Split a fixed length file bases on last occurence of string


 
Thread Tools Search this Thread
Top Forums Shell Programming and Scripting Split a fixed length file bases on last occurence of string
# 1  
Old 07-18-2013
Question Split a fixed length file bases on last occurence of string

Hi,

I need to split a file based on last occurece of a string. PFB the explanation
I have a file in following format
Code:
aaaaaaaaaaaaaaaaaaaaaaaaaaa
bbbbbbbbbbbbbbbbbbbbbbbbbbb
ccccccccccccccccccccccccccc
ddddddddddddddddddddddddddd
3186rrrrrrrrrrrrrrrrrrrrrrrrrrrrrrrrrrrrr
aaaaaaaaaaaaaaaaaaaaaaaaaaa
aaaaaaaaaaaaaaaaaaaaaaaaaaa
aaaaaaaaaaaaaaaaaaaaaaaaaaa
3186ppppppppppppppppppppppp
fffffffffffffffffffffffffffffffffffffffffff
fffffffffffffffffffffffffffffffffffffffffff
9876ttttttttttttttttttttttttttttttt
kkkkkkkkkkkkkkkkkkkkkkkkkkkkkkk
ppppppppppppppppppppppppppp
yyyyyyyyyyyyyyyyyyyyyyyyyyy
9876vvvvvvvvvvvvvvvvvvvvvvv

Now i need to split this file such that all the lines before the last occurence of 3186 goes to one file and all the line after that till last occurence of 9876 should go to second file. so there should be two files one with following data:
Code:
aaaaaaaaaaaaaaaaaaaaaaaaaaa
bbbbbbbbbbbbbbbbbbbbbbbbbbb
ccccccccccccccccccccccccccc
ddddddddddddddddddddddddddd
3186rrrrrrrrrrrrrrrrrrrrrrrrrrrrrrrrrrrrr
aaaaaaaaaaaaaaaaaaaaaaaaaaa
aaaaaaaaaaaaaaaaaaaaaaaaaaa
aaaaaaaaaaaaaaaaaaaaaaaaaaa
3186ppppppppppppppppppppppp

and second file should contain:
Code:
fffffffffffffffffffffffffffffffffffffffffff
fffffffffffffffffffffffffffffffffffffffffff
9876ttttttttttttttttttttttttttttttt
kkkkkkkkkkkkkkkkkkkkkkkkkkkkkkk
ppppppppppppppppppppppppppp
yyyyyyyyyyyyyyyyyyyyyyyyyyy
9876vvvvvvvvvvvvvvvvvvvvvvv

Kindly help in acheiving this.

Last edited by Scrutinizer; 07-18-2013 at 12:40 AM.. Reason: code tags
# 2  
Old 07-18-2013
You could try this approach:
Code:
awk 'NR==FNR{if(/^3186/)n=NR; next} FNR==1,FNR==n{print > "FileA"; next}1' file file >fileB

The input file is read twice, first to determine the last occurrence and the second time to make the split...
# 3  
Old 07-18-2013
What are the names of the three files?

Do the 3186 and 9876 only appear at the start of a line, or can they appear anywhere in a line?

How big are these files?

Are the filenames and matching patterns constants, are do you want to pass them as arguments to a shell script?
# 4  
Old 07-18-2013
Hi
The files are very big with over 1.5 Lakh records. The matching patterns are of fixed length of 8 characters, which i have to read from a file.
For each line of that file, i will search in this file which needs to splitted.
# 5  
Old 07-18-2013
You didn't say what your filenames are??? You didn't say whether the patterns appear only at the start of lines or appear anywhere in lines in your input file???

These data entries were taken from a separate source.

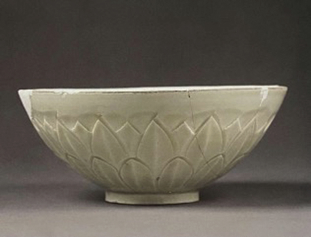 北宋 定窑白釉六瓣划花莲荷螭龙纹碗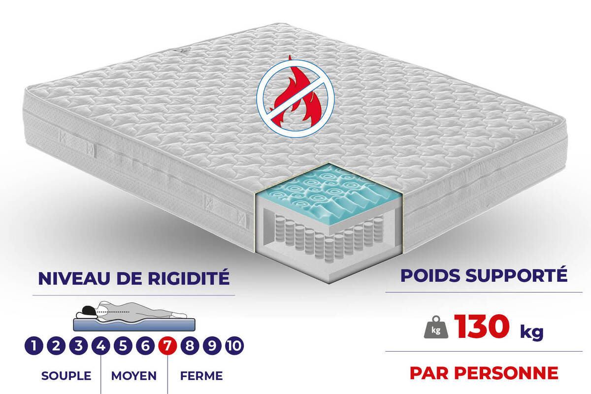 La gamme de matelas ignifuges « H20 ignifuge » est conforme à la certification de classe « 1IM » délivrée par le Ministère de l’Intérieur uniquement aux produits ayant passé avec succès tous les tests de qualité requis pour être déclarés totalement ignifuges. Il s’agit de matelas en polyuréthane expansé ignifugé « DS30 », extrêmement pratiques et confortables, qui s’adaptent au profil du corps en fonction de la pression exercée. La feuille interne en polyuréthane ignifuge a une épaisseur de 18 centimètres, flexible et indéformable, mais aussi légère et résistante. La hauteur totale du matelas est de 20 centimètres. Les caractéristiques de la couche interne font des produits « H20 » des matelas ignifuges pour les hôpitaux, cliniques et installations hôtelières.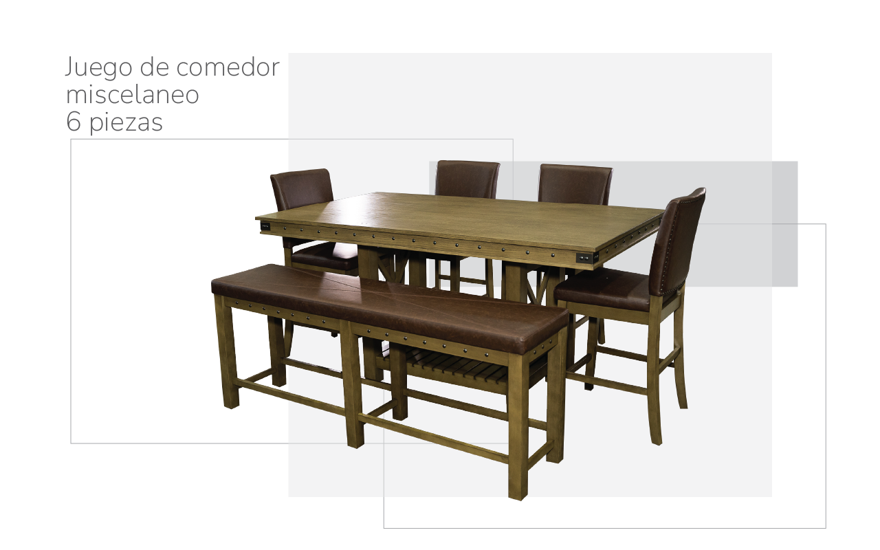 Juego de comedor para 6 personas Commodity modelo BAKERCOM6PUB. Fabricado sobre una resistente base de MDF que le da ese aspecto clásico. Cuenta además con un banco diseñado con un estilo contemporáneo para mayor comodidad. Sorprende a tus familiares y amigos con este fantástico juego de comedor.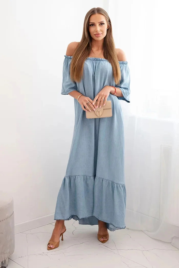 Přidání recenze k Dámské šaty s krátkým rukávem a volánky světlý denim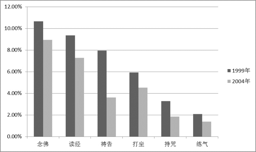 来看看这一张表:根据中央研究院社会所,从1999年到2004年的调查研究,台湾地区的佛教徒、佛弟子们平常所采用的修行法门,一直都是以念佛为最主要的,其次才是读经、诵经、打坐等等。研究报告中也指出,台湾宗教的发展方向,是从民间信仰这一类比较缺乏具体宗教认同、没有明确目标的这一个信仰,转成了有组织、有形的宗教的方向发展。这就意味着说,台湾的学佛人,大部分都是心性纯厚的念佛行者。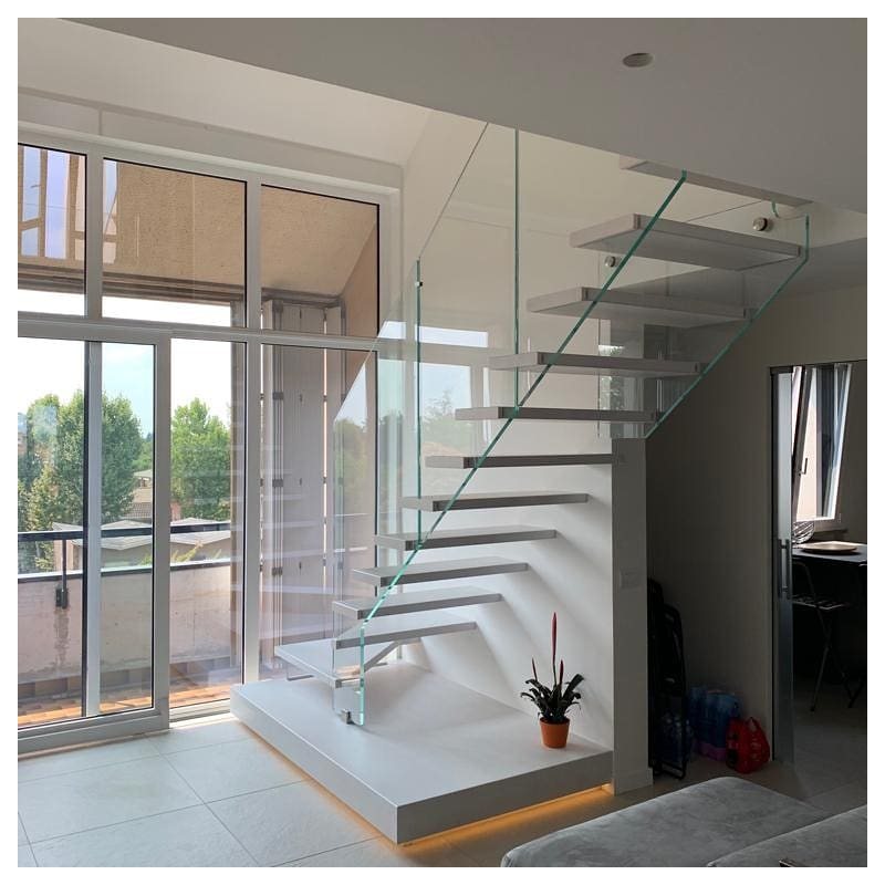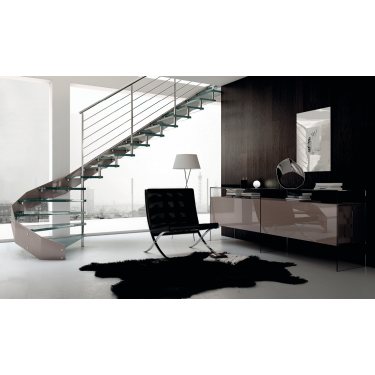 Escalier quart tournant sur mesure en verre et métal, idéal pour optimiser votre espace tout en apportant lumière et modernité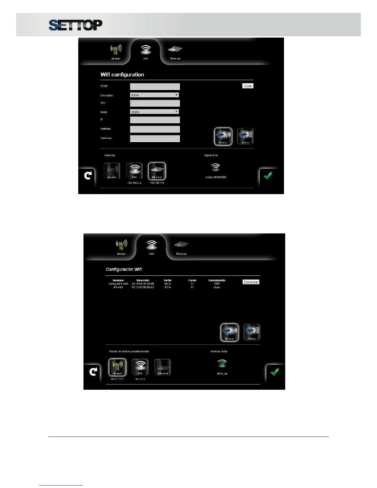 The Scan button tracks all available activated networks within reach of the Settop M1. All of these networks

Making lots of wild assumptions:
  1. The patterns you're trying to match don't contain any characters that are "special" in a regular expression.
  2. The patterns you're trying to match don't contain any whitespace characters.
  3. The patterns you're trying to match don't contain any question mark characters.
  4. The patterns you're trying to match only appear at the start of a line in your input file.
  5. The patterns you want to match appear on the first line of a file named patterns and are separated by one or more space or tab characters.
  6. The names of the input file and both output files will be passed to this script as operands 1, 2, and 3, respectively (and default to files named input, out1, and out2 if operands are not given to the script).
  7. Your output filenames do not contain any whitespace characters.
  8. The last line in your input file matching the 1st pattern appears earlier in the input file than the last line matching the 2nd pattern.
If any of these assumptions are incorrect, the following script may need to be modified to make it work. But, if all of these assumptions are correct, the following script produces the output you requested if the input file contains the sample input in your 1st messsage in this thread and the file patterns contains:
Code:
3186 9876

as the first two fields on the first line:
Code:
#!/bin/ksh
f1=${1:-input}
f2=${2:-out1}
f3=${3:-out2}
read pat1 pat2 junk < patterns
ed -s "$f1" <<-END_ED
        1;?^$pat1?ka
        1;?^$pat2?kb
        1,'aw $f2
        'a+1,'bw $f3
        q
END_ED

This was written and tested using the Korn shell, but should work fine with any other shell that recognizes basic Bourne shell syntax or the shell syntax specified by the POSIX Standards and the Single UNIX Specifications.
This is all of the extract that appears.